I used to use a neoprene support a fair bit, becuase I found it made a tangible difference, much more than tubigrips, and also it stays in pkace much better. Also found poles helped a lot.
However, in the longer term Stuart's suggested strategy of building the natural support has paid huge dividends for me, and I rarely wear a support and tend only to use poles on long days with steep descents and/or heavy loads. I got mine improved mostly by doing a lot more cycling, and spinning lower gears at higher cadences rather than pushing big gears hard.
I had the same problem a few years ago Damon and got the same from the GP.
About six months later my knee locked solid as I was standing up and I ended up in casualty. The doc took about 5 minutes to decide my cartilage had folded over, torn and was buggered and I ended up in surgery later the same day and had about two thirds of the cartilage removed.
I can walk OK now but cant really carry any weight so a big pack is now a no no.
My advice is keep pestering the GP or go private and get it operated on before its completely knackered like mine.
Good luck with it.
I dont know what youre weight is but if of the portly variety get some off,it helps alot.

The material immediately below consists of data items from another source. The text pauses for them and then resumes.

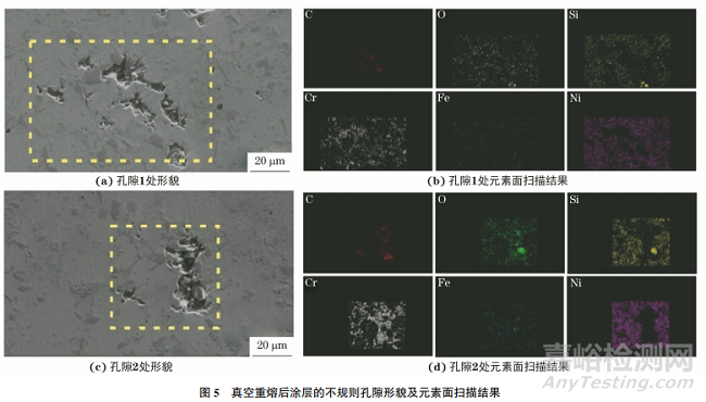 由圖5可以看出:真空重熔涂層中有些不規(guī)則孔隙內(nèi)富含碳、氧、鉻元素,不存在鎳、鐵元素,因此推斷孔隙中存在鉻的碳化物和氧化物。這些化合物的熔點(diǎn)較高,在重熔過程中未熔化導(dǎo)致不規(guī)則孔隙的形成。還有些不規(guī)則孔隙內(nèi)存在顆粒狀?yuàn)A雜物,主要構(gòu)成元素為硅和氧,判斷應(yīng)為SiO2,同時(shí)孔隙中局部位置的鉻和碳含量較高,推斷應(yīng)存在鉻的碳化物。SiO2和鉻的碳化物熔點(diǎn)均較高,聚集在一起會(huì)阻礙涂層材料重熔后對(duì)孔隙的充分填充,導(dǎo)致不規(guī)則孔隙的形成。火焰重熔后涂層孔隙中存在SiO2夾雜物顆粒,孔隙形狀小且規(guī)則;真空重熔后涂層中除了存在SiO2 還存在鉻的碳化物,孔隙形狀大且不規(guī)則。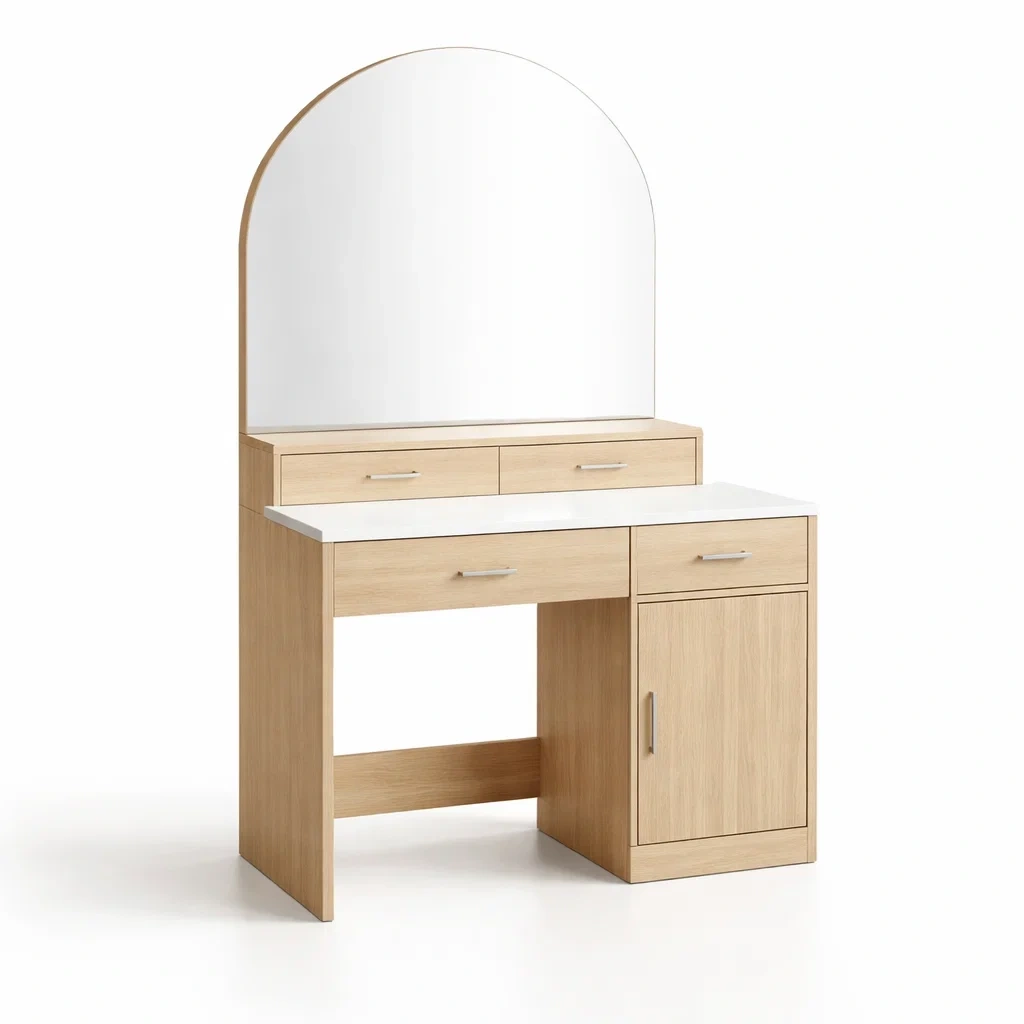 Coiffeuse en mdf avec miroir arqué et tiroirs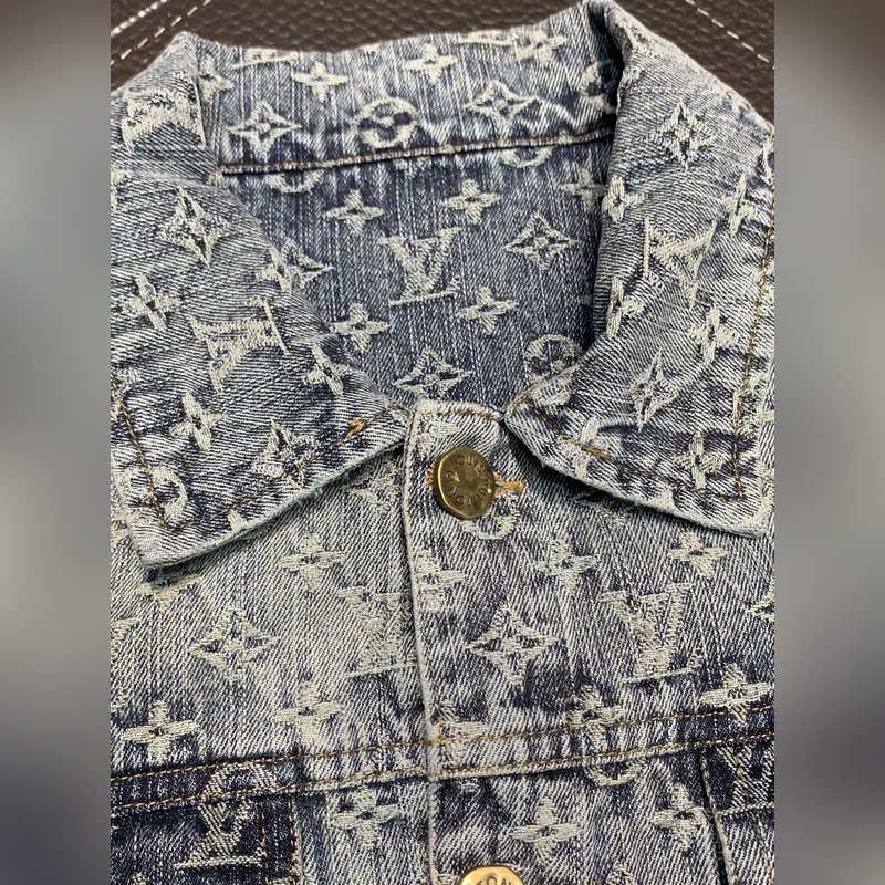 LV Louis Vuitton eksklusiivinen kevään ja syksyn rento käänne farkkutakki Huippuluokan räätälöinti Korkea versio Muodikas ja monipuolinen kuuma tuote Tuotu kangas Superpehmeä ja herkkä tuntu Ihoystävällinen ja mukava käyttää Huippuluokan putiikki OEM-tehdashieno työstö Erittäin hyvä vartalolle Miesten pakollinen tuote Kolme etikettiä valmiina Koot M-3XL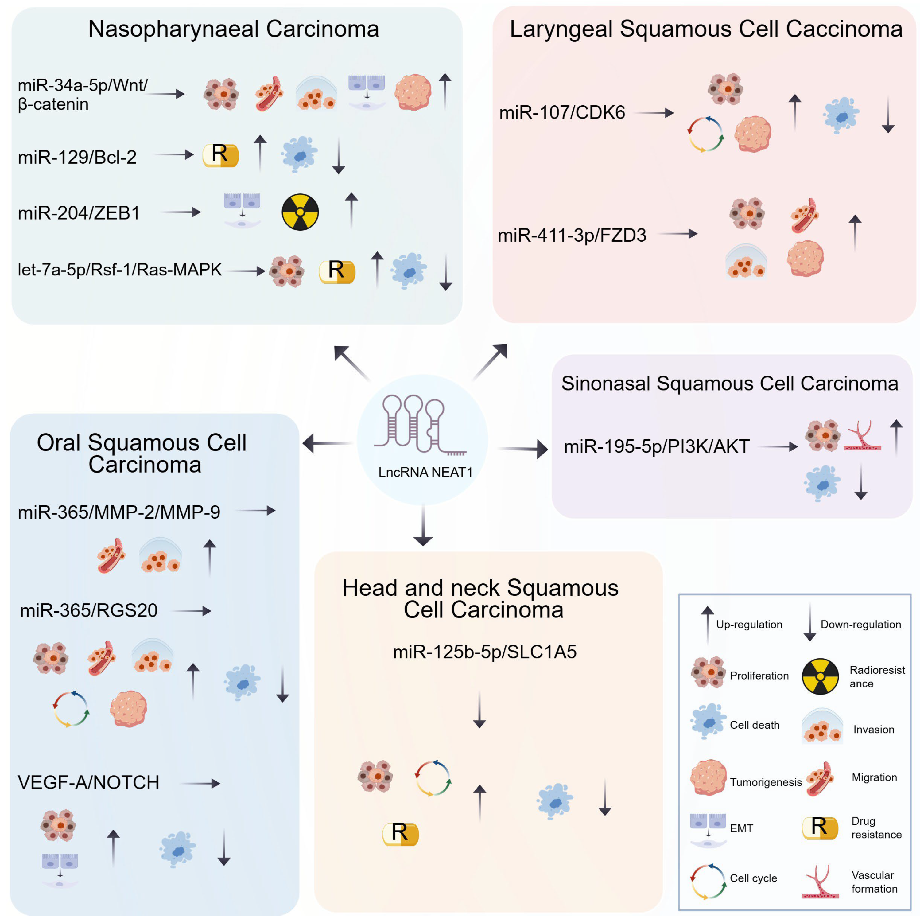 - Lu, H.; Kang, F. Down-regulating NEAT1 inhibited the viability and vasculogenic mimicry formation of sinonasal squamous cell carcinoma cells via miR-195-5p/VEGFA axis. Biosci. Rep. 2020, 40, BSR20201373. [Google Scholar] [CrossRef]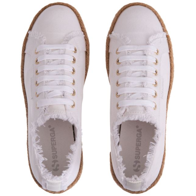 ロープに 4 Cm のプラットフォームを備えた女性用のスペルガ 2790。擦り切れたコットンのアッパーと加硫天然ゴムのアウトソール。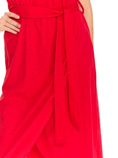 Kopertowa, długa sukienka damska o luźnym kroju z dekoltem w łódkę. Casualowa, gładka sukienka z paskiem wykonana ze 100% bawełny będzie doskonałym wyborem na letnie dni i wieczory. Sukienka dostępna w kolorze różowym.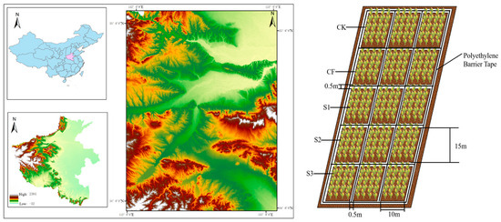 Figure 1. Experimental field location. CK: Topdressing with water at both JS and GP, CF: Topdressing with chemical fertilizer at both JS and GP, S1: Topdressing with biogas slurry at JS, followed by topdressing with chemical fertilizer at GP, S2: Topdressing with chemical fertilizer at JS, followed by topdressing with biogas slurry at GP, S3: Topdressing with biogas slurry at both JS and GP.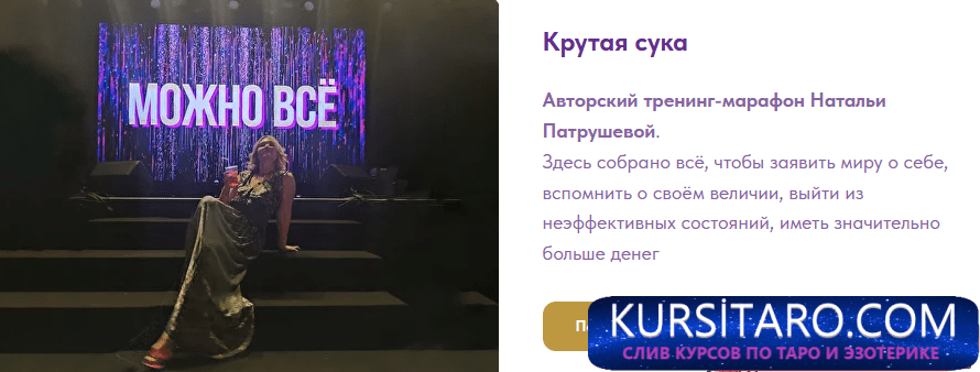 «Крутая сука» — авторский курс Натальи Патрушевой для тех, кто потерял контакт с собой и телом, устал от удобности, посредственности, неэффективных отношений и безденежья, забыл ощущение счастья и лёгкости.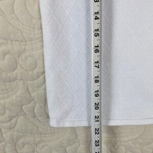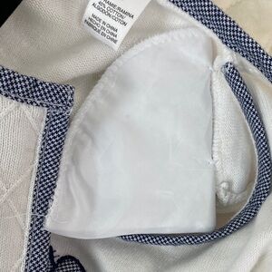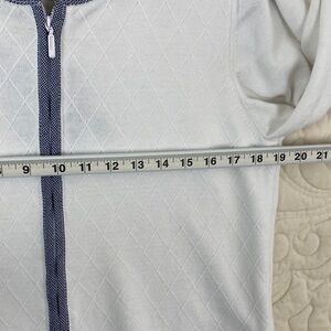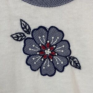 Alfred Dunner Fooler Sweater. Women's tag size Petite Large (see photos for measurements). Ramina / cotton blend. Tight knit. White with blue houndstooth trim and embroidered flower on chest. Fooler top with zip up front. Three quarter sleeves. Shoulder pads are stitched in at two points - easy to remove if desired.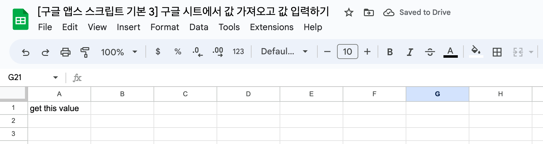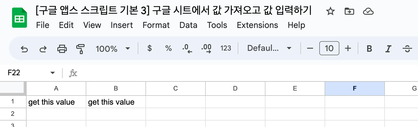 - 한 개의 셀의 값을 구글 스크립트로 가져오기

I also have a selection of knee exercises which are tedious to do after awhile but help immensely.
More knee exercises!:
squats: stand with your feet shoulder width apart. Keeping your back straight and looking forward, bend your knees to about 90 degrees if you can. Try to keep your shins vertical and stick your bum out like you're sitting on a chair. Then straighten your legs back up again. Do this as slowly as you can.
lunges: same starting position. Take a big stride forward, hold your position and slowly lower the back leg so your knee almost touches the floor. Keeping the position, raise your back knee again and step back to the starting position. Keep your back straight and vertical throughout. Do a few like this and then swap legs.